> **Information provided**
········
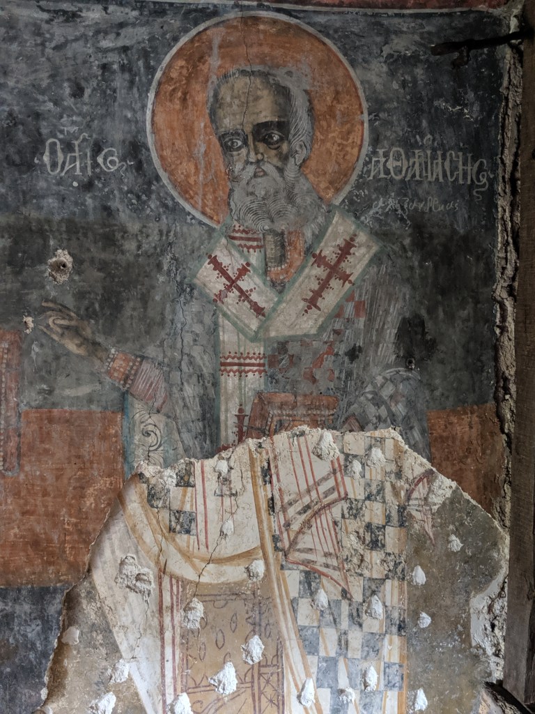 I went into the chapel which has frescoes of saints looking puzzled and anguished – saints who strain to understand?
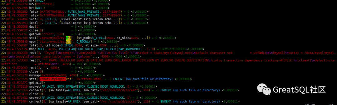 strace -T -tt -s 200 -o strace_cnf.log mysql --defaults-file=/data/mysql/my.cnf在对比两个 strace 日志的时候,发现如下区别 strace_socket.log 日志中,登录过程依次尝试打开文件
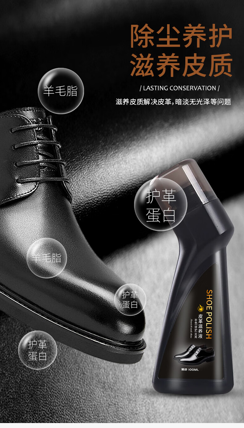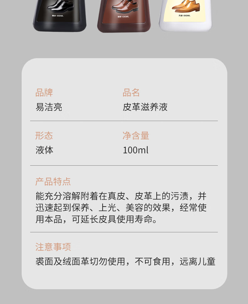 易洁亮液体鞋油黑色上光擦鞋神器皮鞋油皮革护理保养油100ml*2支
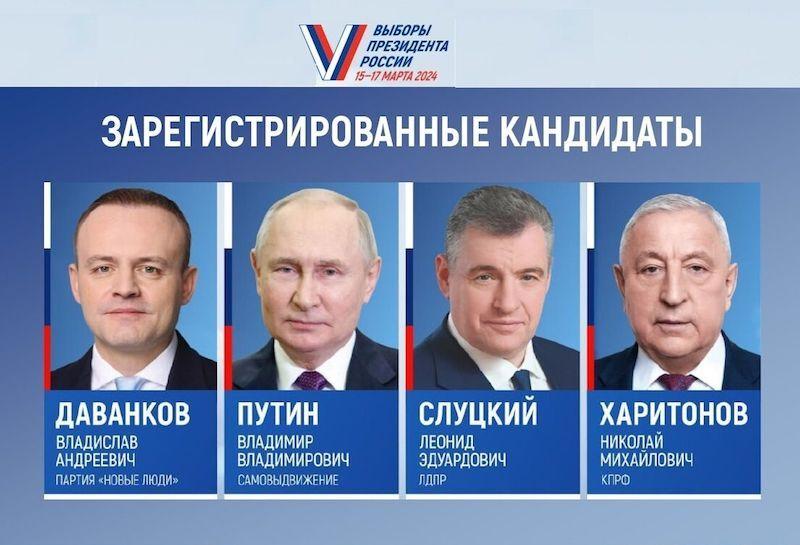 ولادیمیر پوتین (رئیسجمهوری کنونی)، نیکولای خاریتونوف (حزب کمونیست)، ولادیسلاو داوانکوف (حزب مردم جدید) و لئونید اسلوتسکی (حزب لیبرال دموکراسی) روسیه نامزدهای انتخابات ریاستجمهوری این کشور هستند.
········
Word for word, give again the lines from the line holding "strace -T -tt" through the last line of the material, both included; pictures are not part of the copy.

> **Task response**
 strace -T -tt -s 200 -o strace_cnf.log mysql --defaults-file=/data/mysql/my.cnf在对比两个 strace 日志的时候,发现如下区别 strace_socket.log 日志中,登录过程依次尝试打开文件
 易洁亮液体鞋油黑色上光擦鞋神器皮鞋油皮革护理保养油100ml*2支
 ولادیمیر پوتین (رئیسجمهوری کنونی)، نیکولای خاریتونوف (حزب کمونیست)، ولادیسلاو داوانکوف (حزب مردم جدید) و لئونید اسلوتسکی (حزب لیبرال دموکراسی) روسیه نامزدهای انتخابات ریاستجمهوری این کشور هستند.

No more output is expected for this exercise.